Thursday, August 16, 2012 - 1:15pm
Leading webcaster Pandora, Utah Republican Congressman Jason Chaffetz, and now the Brookings Institution (see yesterday's RAIN here) are all calling for the use of a consistent standard for determining sound recording performance royalties across Internet, satellite, and cable radio. (Currently, webcasters pay a rate significantly higher than other forms of digital radio, since the legal reference determining judges are instructed to use is dramatically different.) Even the NAB's Dennis Wharton says he "appreciate(s) (Chaffetz's) interest in reforming the current Interet radio rate structure."
But, no one among this group is arguing that broadcasters should be paying this fee too.
The reason: it's simply been proven to be far too difficult a task to accomplish such a major change in an established and powerful U.S. industry.
For webcasters and their allies, their immediate goal is relief from the controversial "willing buyer/willing seller" standard -- which might reasonably be considered an achievable end. The broadcast radio royalty issue would be like an anchor tied to the foot of a drowing man.
Congressman Chaffetz's proposed "Internet Radio Fairness Act" (in RAIN here) would compel judges deciding royalty rates for Internet radio to base their decisions on the same legal standard they use for satellite and cable radio rates.
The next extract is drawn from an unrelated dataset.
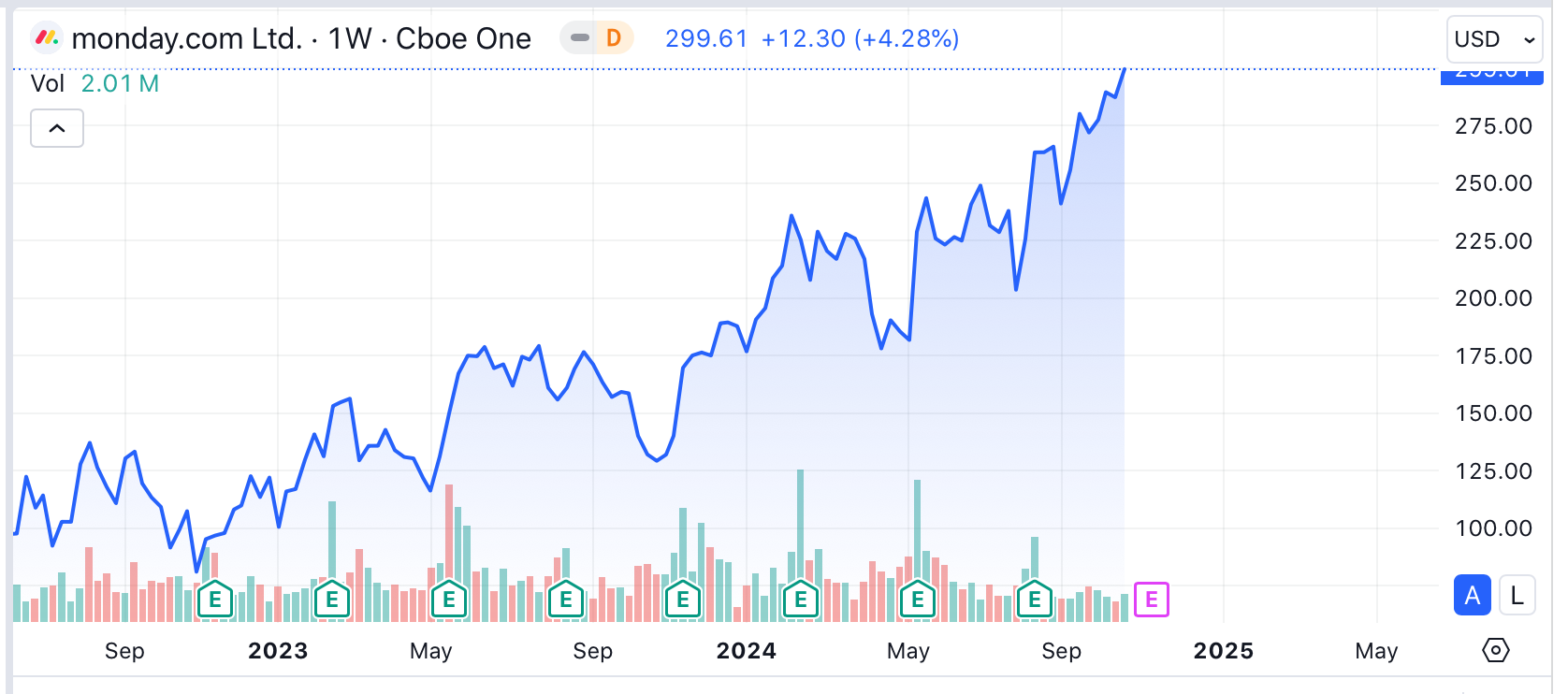 A empresa está cotada em bolsa desde finais de 2019. Entraram a $22 e no fim do primeiro dia em bolsa a cotação era de $35.50. A empresa passou por um período de grande investimento com crescimentos das receitas acima dos 100% YoY e a cotação ultrapassou os $300. A partir do final de 2021 com o aumento das taxas de juro o crescimento das receitas desceu acentuadamente e a cotação caiu gradualmente para valores próximos dos $50 a que está actualmente.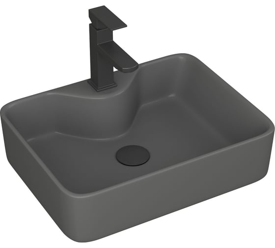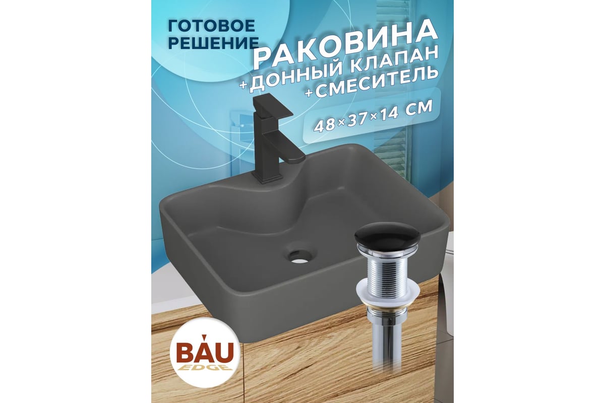 Раковина накладная со смесителем и выпуском прямоугольная Bauedge BAU Cerama 48x37, темно-серая матовая + смеситель Hotel Black, выпуск клик-клак черный YBD2546

It would not address the matter of broadcast royalties.
The National Journal writes that Pandora argues that the radio royalty debate has dragged down efforts to get the webcast royalty standard changed from "willing buyer/willing seller" to the more widely-accepted "801(b)(1)." "We’ve been held hostage to that for years," Tim Westergren, Pandora’s founder and chief strategy officer, told the news source. "The reason nothing has been fixed is we’ve been stuck behind [radio-station] royalties. We're victims of a fight that’s not ours."
John Villasenor, author of the Brookings paper covered yesterday, in it wrote, "Any new legislation should not include a provision to end the AM and FM over-the-air 'terrestrial' broadcasters’ longstanding sound recording performance royalty exemption... every one of the dozens of legislative attempts to end it since 1926 has run up against extremely strong opposition from terrestrial broadcasters and has failed. New legislation including a provision ending the terrestrial broadcasters’ exemption would be likely to fail as well." Without the provision, he continues, legislation "may even garner the support of the National Association of Broadcasters," whose current streaming royalty deal with SoundExchange expires at the end of 2015, "meaning that terrestrial broadcasters, like pureplay webcasters, would benefit from a more reasonable digital broadcast statutory royalty framework."
It may not be so simple, however. Ray Hair, international president of the American Federation of Musicians, writing in The Hill, says it's not that Internet radio's royalties are too high, it's that other platforms (especially broadcasters') rates are far too low! He says Chaffetz's bill "would allow the digital platforms to pay musicians less... at rates far below market value. The bill would effectively unleash a race to the bottom, with radio platforms competing to see which can pay musicians the least." It's the Internet radio platform which he seems to think is giving "artists their fair share," and writes, "People I know are already calling the bill by a more appropriate name: the 'Internet Radio Rip-off Act.'"
Vigrinia Congressman Bob Goodlatte, vying for the top Republican spot on the House Judiciary Committee (he currently heads its Intellectual Property, Competition, and the Internet Subcommittee), told the National Journal he expects his panel will take up the matter of music-royalties, and is open to calls for requiring traditional radio stations to pay performance fees.